# Apologetics Resources



## Marrow Man (Aug 23, 2009)

I just received a call from a fellow pastor. He has a guy in his church (this is a rural church in northern Miss.) who has slowly began to doubt some fundamental Christian teachings. This is primarily because he has become enamored with internet discussion groups (!) that are skeptical in nature. Thus, he has begun asserting that the Bible has contradictions, the creation story is a myth, etc. I believe he caused a stir in a SS class this morning.

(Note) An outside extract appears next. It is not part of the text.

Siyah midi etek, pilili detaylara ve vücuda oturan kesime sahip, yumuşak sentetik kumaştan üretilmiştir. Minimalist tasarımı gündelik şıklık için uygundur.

I told the pastor he may need to think about church discipline, but he wanted to do a little "pastoring" first. This guy will not read a book (he's tried), but he likes going to websites. The pastor asked if I could recommend some websites to him to pass along to the man. These are the ones I thought of:


CARM - Christian Apologetics & Research Ministry
Monergism.com :: Classic Articles and Resources of the Historic Christian Faith (probably too theological in nature, so we discounted this one)
Tekton Apologetics Ministries. James Patrick Holding. Tektonitron apologetics Encyclopedia. answering Bible difficulties and Bible contradictions (this isn't Reformed, but the guy who runs it is a meticulous researcher, though he is also somewhat abrasive with skeptics)
Christian Research Institute and the Bible Answer Man, Hank Hanegraaff (the CRI website; it's very "busy" though and difficult to navigate through)

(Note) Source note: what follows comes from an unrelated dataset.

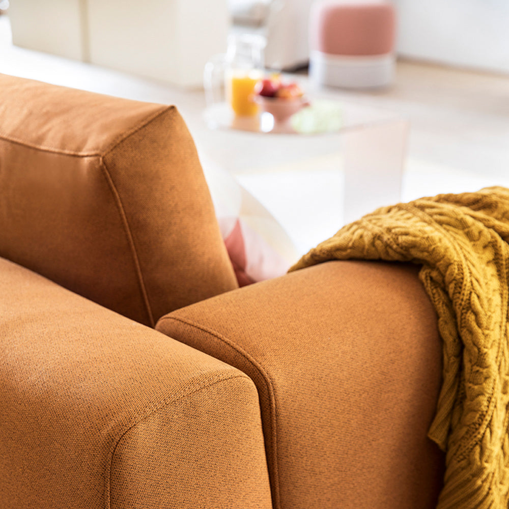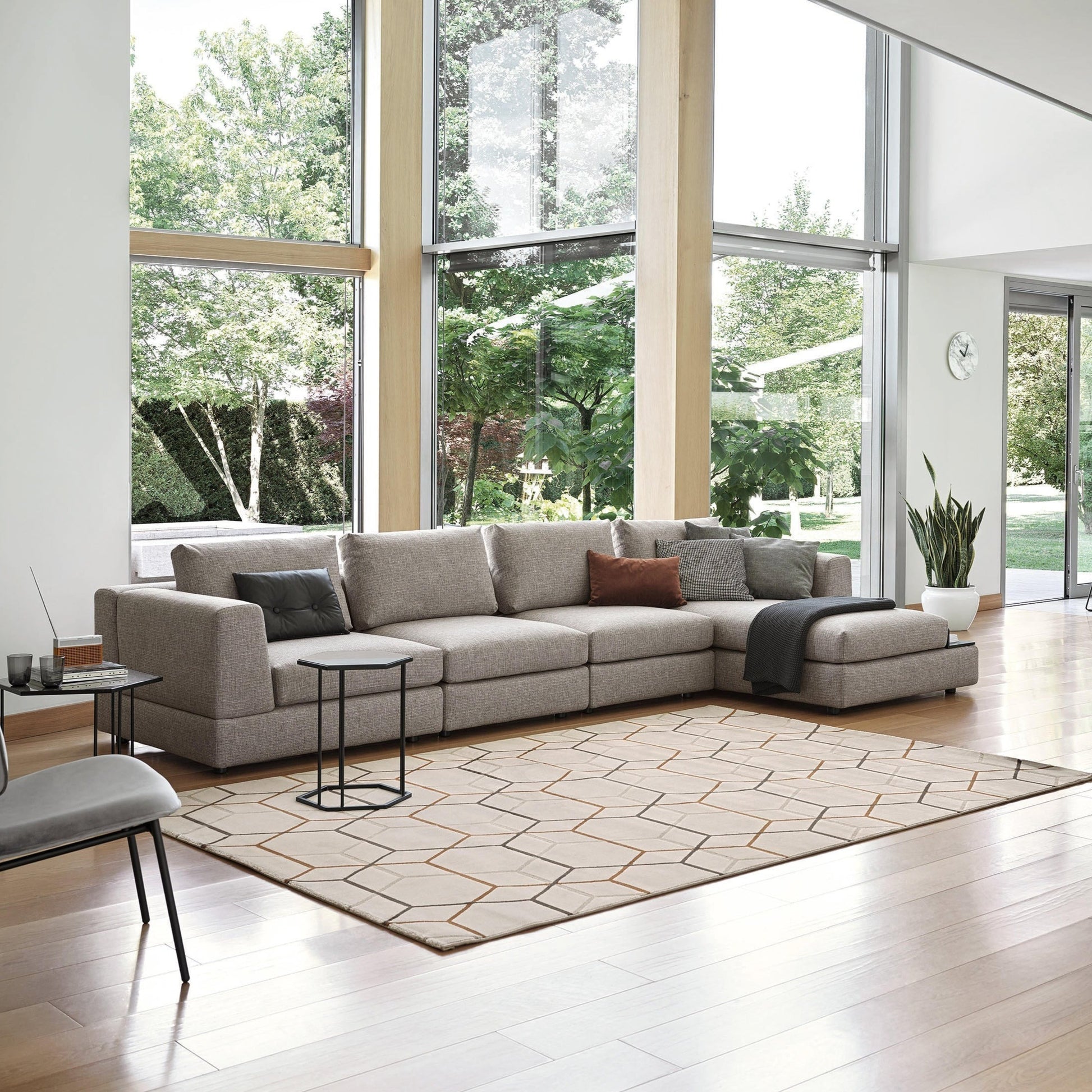 De diseño sencillo y mínimo, Layla responde a las numerosas exigencias estéticas y funcionales de cada uno, también gracias a los distintos tipos de módulos, disponibles en dos anchos (de 80 y 104 cm), que lo convierten en el sofá más versátil de la colección. Asientos de líneas pulcras, acolchados de goma, con estrato superficial de tecnopolímero, para un mayor confort; respaldos mullidos realizados con tres celdas separadas, rellenas de pluma y copos de tecnopolímero.

Do any of you know any other websites that I could pass along to this pastor?


----------



## steven-nemes (Aug 23, 2009)

The Veritas Forum has lectures from professional philosophers on a variety of topics.


----------



## Hungus (Aug 23, 2009)

Don't forget James White's AOMin

Alpha and Omega Ministries, The Christian Apologetics Ministry of James R. White


----------



## Marrow Man (Aug 23, 2009)

Thanks for the responses. Keep in mind that the pastor will be passing along the website to the guy to read. This guy is not particularly skilled intellectually in matters of philosophy and so forth. So it needs to be something accessible to him.


----------



## steven-nemes (Aug 23, 2009)

Well that's the problem: he's not skilled in philosophy and he hangs out on skeptical internet message boards, where all kinds of junk is passed on as "rational". Internet infidel types are not necessarily very intelligent people; they just fancy themselves to be in favor of "reason" and "rationality", and so on.


----------



## Hungus (Aug 23, 2009)

Ugh and they abuse the word "rational" I find most people who say belief is not rational do not know what rational means and especially do not understand rationalism.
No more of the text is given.